RUMFORD — Shut down since May 2015, Catalyst Paper Co.’s No. 12 paper machine was restarted Tuesday, allowing 51 employees who were laid off in May 2015 to return to their jobs.

Tony Lyons, spokesman for the mill, said the machine resumed production at a reduced schedule, and all 51 workers who were laid off have been asked if they wish to return to their prior position.

“Right now, we have 32 people working on the No. 12 paper machine,” Lyons said, adding that the mill is hiring new workers to fill more positions.

The machine, which previously manufactured coated paper used in catalogs and magazines, was temporarily silenced in May 2015 and shut down permanently after mill owners re-evaluated the financial situation in September 2015.

The paper that will be produced by the No. 12 paper machine is “a unique grade to Rumford, called Rumford Offset grade,” Lyons said. “It’s a one-side-coated sheet, and its end-use applications range from marketing materials, forms, fliers and higher-end newsletters and brochures.”

Restarting the No. 12 paper machine is “an indication that we’ve been successful in our new product development,” Lyons said.

“Since we became Catalyst, we spent a lot of time and energy on new product development,” he said. “It was part of the revitalization effort that Catalyst has been supporting and desiring from us. Part of that revitalization effort is moving to new products, and moving away from the commodity-grade products we made traditionally.”

Ron Hemingway, president of the United Steelworkers Union Local 900, said the mill has called everyone who was laid off in 2015 to see if they wanted their position back, and hired six new employees last week.

“All of this has had a really positive effect,” he said. “For a while, that area of the mill was like a ghost alley: quiet, and not running. The mood it put everybody in was that this facility is doomed. With the No. 12 machine up and running again, people are lively again. Paper is all over the place, and it gives the mill and the community hope that we’ll be here to stay.”

Hemingway said the mill is hoping to make new and higher-value products on the machine, with hopes of keeping the mill profitable.

“The more we can develop, the better it is for the mill,” he said. “We all need the mill to be profitable.”

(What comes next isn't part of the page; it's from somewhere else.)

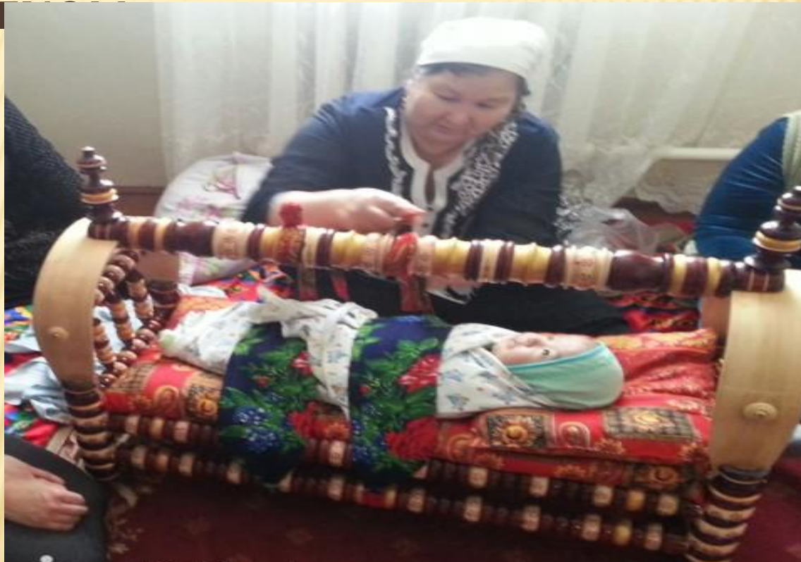
казахская колыбель – бесик

Для казахов рождение ребенка всегда было значительным и радостным событием

The Maine Pulp and Paper Association said in a news release that the “restart of Catalyst Rumford’s No. 12 machine reinvigorates our stance that pulp and papermaking in Maine is alive and well, and offers a great example of how paper mills are able to respond to shifting market conditions to invigorate their product mix, manufacturing process and infrastructure for the betterment of their operations, workers and Maine’s economy.”